1.5. Y a-t-il harmonie vocalique en konkomba ?

Dans ses Essais de linguistique générale, Roman Jakobson distingue deux types de voyelles, qu’il qualifie de lâches et tendues. Cette bipartition « réussit à démontrer l’autonomie de ces deux séries "from high to low", (des fermées aux ouvertes) et la possibilité

de diviser toute classe vocalique en paires de voyelles tendues et lâches » (JAKOBSON, 1963 : 151). Il fait apparaître le fait que :

« une voyelle tendue, comparée à sa contrepartie lâche, est produite avec une plus grande déviation par rapport à la position neutre de l’appareil vocal, c'est-à-dire par rapport à la position que l’appareil vocal assume en produisant un [æ] très ouvert ; en conséquence, une voyelle tendue manifeste une plus grande déviation par rapport à une structure de formant neutre » (JAKOBSON, 1963 : 151).

Comment la situation se présente-t-elle dans le système vocalique du konkomba ? Ainsi, [i] n’apparaît qu’à l’initiale de mot où il fonctionne comme un préfixe de classe sans attaque.

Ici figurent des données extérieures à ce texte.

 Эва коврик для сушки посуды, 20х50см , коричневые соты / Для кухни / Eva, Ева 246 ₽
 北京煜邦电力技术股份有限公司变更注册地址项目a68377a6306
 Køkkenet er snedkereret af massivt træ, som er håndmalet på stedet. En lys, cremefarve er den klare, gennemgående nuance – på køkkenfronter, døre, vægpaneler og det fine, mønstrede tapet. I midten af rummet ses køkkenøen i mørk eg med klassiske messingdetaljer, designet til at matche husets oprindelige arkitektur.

Quand il fonctionne seul comme syllabe, c’est qu’il est un préfixe de classe ou un pronom dans une interlocution ; il désigne le « tu ».

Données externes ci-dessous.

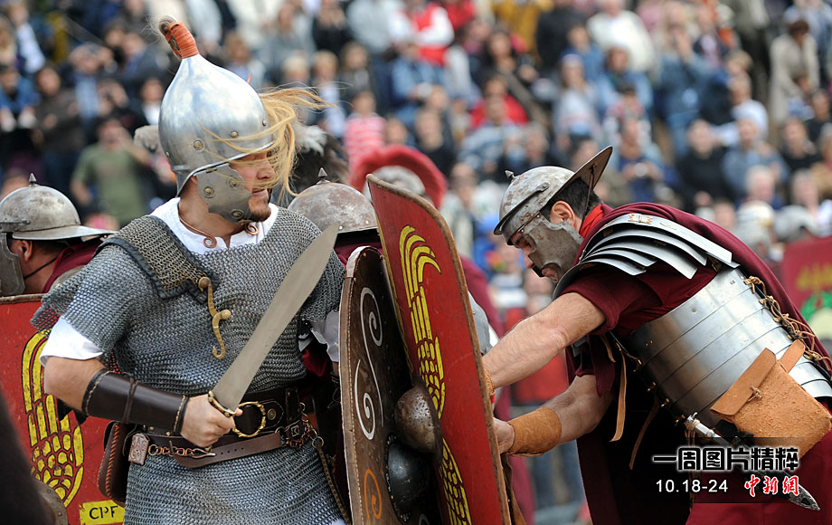 當(dāng)?shù)貢r(shí)間2010年10月17日,意大利羅馬的歷史愛好者和演員們再現(xiàn)了“古羅馬軍團(tuán)”和凱爾特人戰(zhàn)斗的場景,表演吸引了大批觀眾到場觀看。
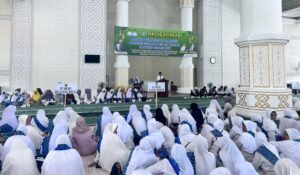 Suasana Halal Bihalal BKMT Sekadau di Masjid Agung Sultan Anum, diikuti ratusan jamaah yang khidmat menyimak tausiah.(Humas polres Sekadau)
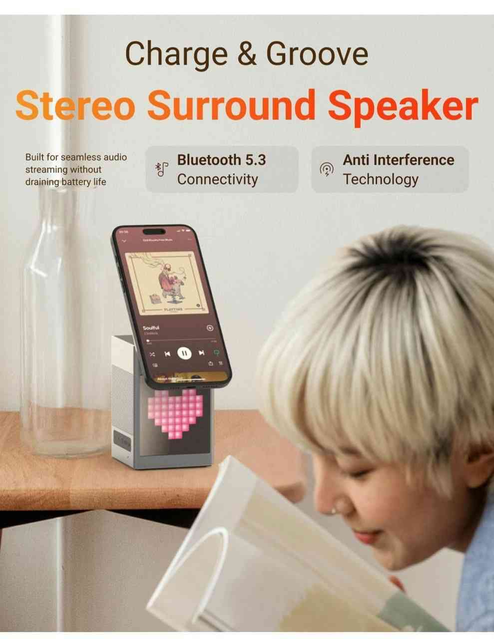 Enjoy rich, clear sound with Bluetooth 5.3 connectivity, offering faster pairing, stable connection, and low power consumption. Perfect for music, podcasts, calls, or alarm tones—whether at work or home.
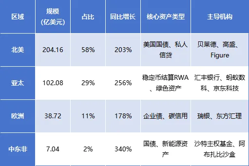 2025年全球RWA市场实现爆发式增长,总规模突破352亿美元,较2024年增长217%,增长动力从“加密原生项目驱动”转向“传统金融机构主导”,多链部署格局成型,区域市场呈现“北美领跑、亚太追赶”的态势。
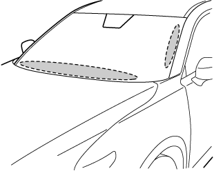 Les filaments thermiques aux endroits suivants chauffent et facilitent l'élimination de la neige accumulée sur le pare-brise.
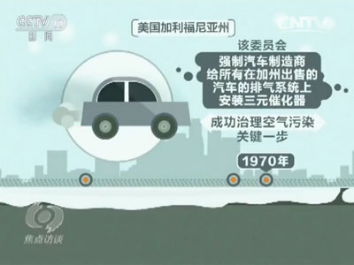 1967年,加利福尼亚州成立了专门负责为空气污染源制定标准和法规的“加州空气资源委员会”。1970年,该委员会强制汽车制造商给所有在加州出售的汽车的排气系统上安装三元催化器,这被看作是成功治理空气污染的关键一步,目前加州汽车尾气污染物只有30多年前的1%。
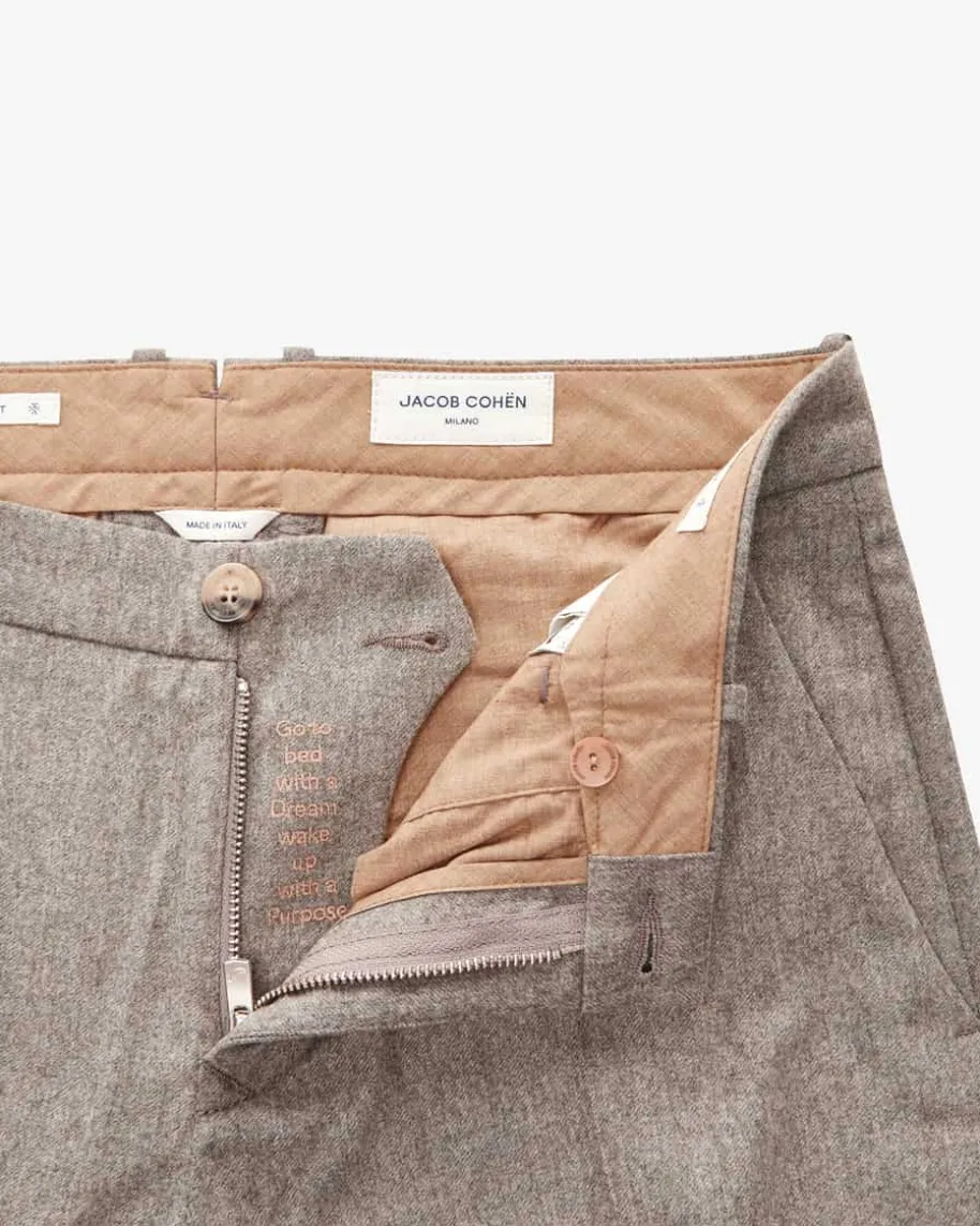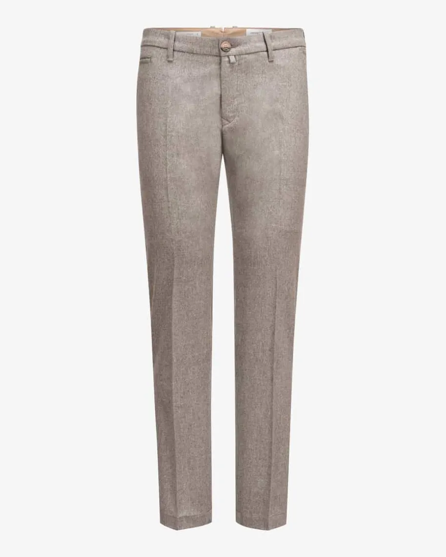 Bobby Wollhose für Herren von Jacob Cohen in Taupe. Die klassischeSchnittführung sowie die hochwertige Schurwoll-Qualität schaffen einenstilvollen Favoriten mit angenehmer Haptik – Der perfekte Begleiter für modischeOffice-Looks.
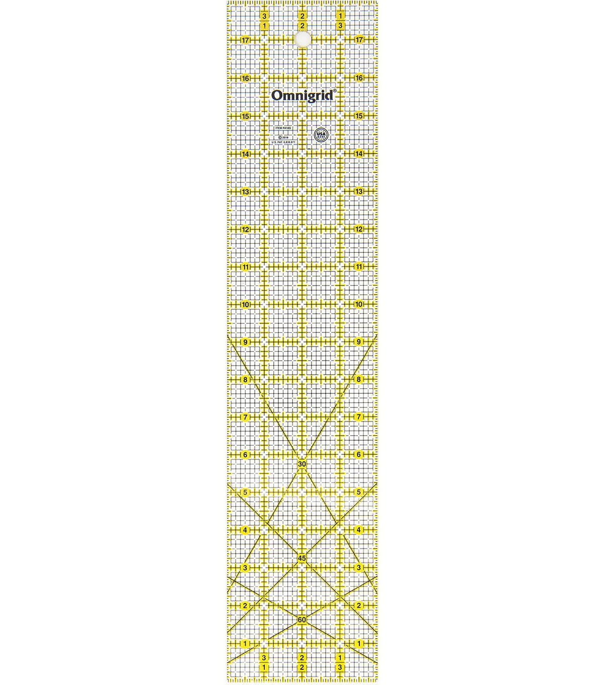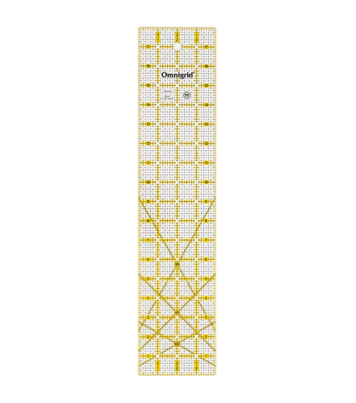 The Omnigrid 4" x 18" mini grid ruler is a versatile tool loaded with 1/16" precision markings for accurately cutting projects such as miniature quilts and Seminole patchwork.

(172) íŋɔ́e « boucs » ítérὶ « grenouilles »

ínádun « moustiques »

ínoón « scorpions »

[i] par contre n’apparaît pas à l’initiale de mot, mais à l’intérieur de radical, où il fonctionne comme noyau syllabique. Sa présence dans une syllabe atteste que cette dernière est un radical.

(173) unàgbìpi « femme esclave »

mbi « sein »

jí « refuser »

gín « ramener »

[ι] est le seul à fonctionner comme noyau de syllabe de préfixe, de suffixe ; comme [i], il peut occuper la position de noyau de radical.

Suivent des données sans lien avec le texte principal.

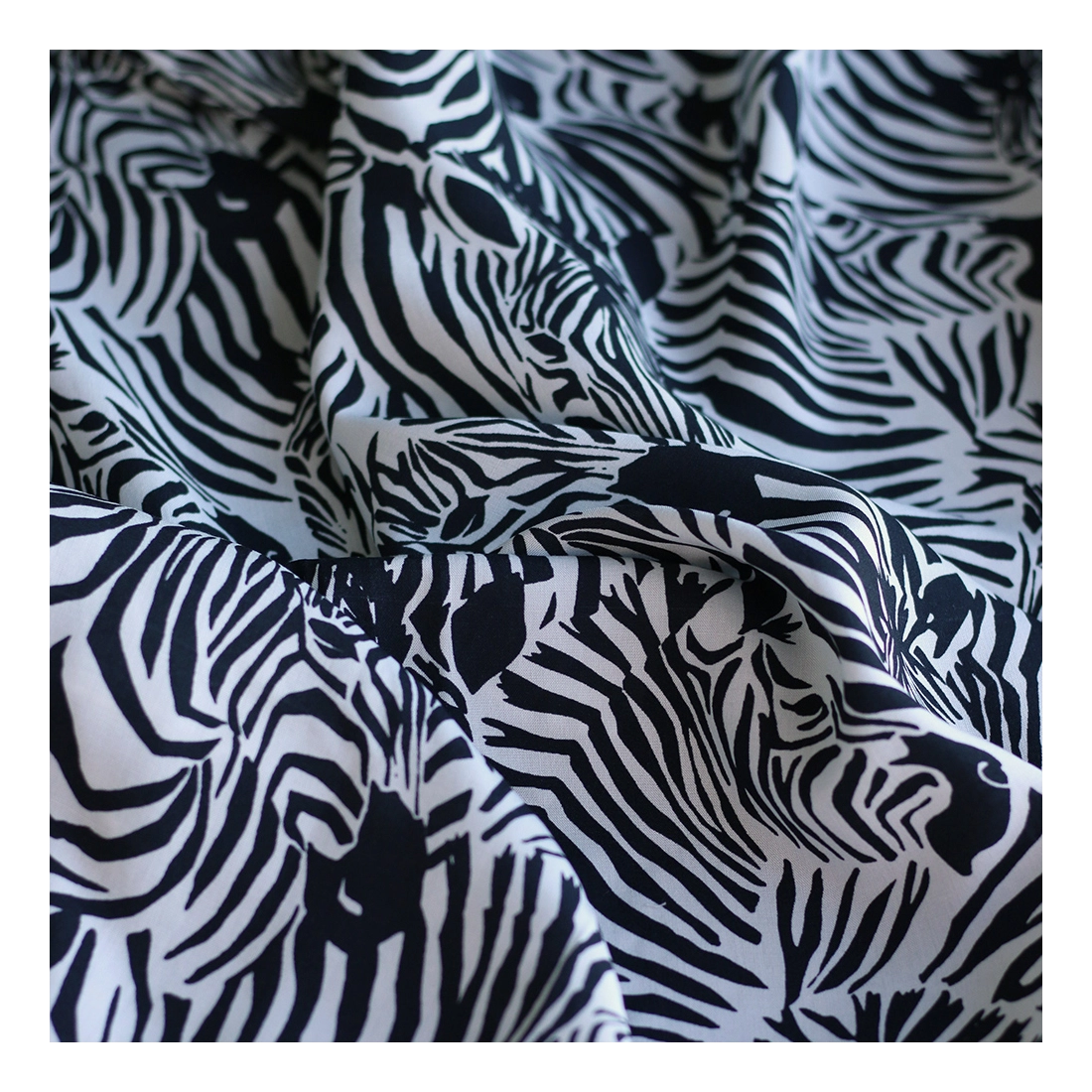 Zebra - Viscose imprimé fleuri graphique zèbres noir et blanc
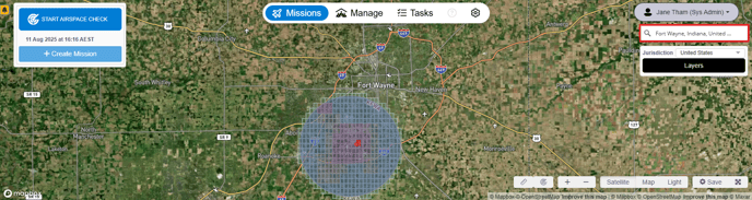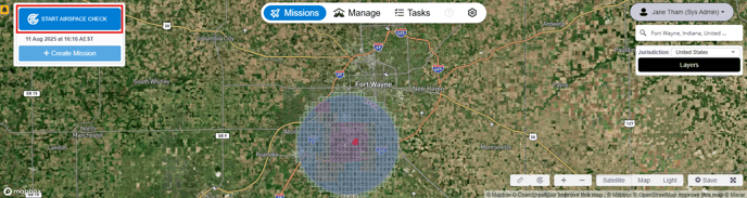 You can start an airspace check on the map from the Missions dashboard.

(174) lιnὶkpίlι « cadavre »

lιolι « montagne »

lιbίlι « pépin »

Il est réalisé [u], par anticipation, dans un préfixe de classe quand celui-ci est suivi d’un radical commençant par la vélaire sourde /k/ avec pour noyau vocalique /u/. Un arrondissement s’observe alors dans ce cas. Ce qui s’explique par des phénomènes d’économie : « la voyelle du lexème s’obtient en actionnant chacune des cavités »26.

(175) kúdúdù « vapeur »

kúkurι « moule »

kúkúrι « fer »

Par contre, le pluriel sera réalisé avec /ι/. (176) tίdúdùrὶ

tίkurι tίkúrι

« L’économie consiste à éviter de recourir à chacune des cavités lors de la réalisation de la voyelle de clitique en faisant profiter à cette voyelle de la position adoptée par une (ou deux) cavité(s) pour la réalisation de la voyelle du lexème, par maintien ou par anticipation. (…) si l’on a adopté la forme rétrécie pour la cavité laryngale pour réaliser une voyelle lexicale, on maintient (ou on anticipe) cette forme pour la voyelle du clitique. Ainsi le trait de la voyelle lexicale, dû au rétrécissement de la cavité pharyngale, va s’imposer à la voyelle du clitique » (TCHAGBALE, 2008 : 11-12). De ces faits sont souvent à la base du phénomène connu sous le nom d’harmonie vocalique. Cela dit, le konkomba connaîtrait-il l’harmonie vocalique, comme d’autres langues Gur du Togo (le kabiyè et le tém) ?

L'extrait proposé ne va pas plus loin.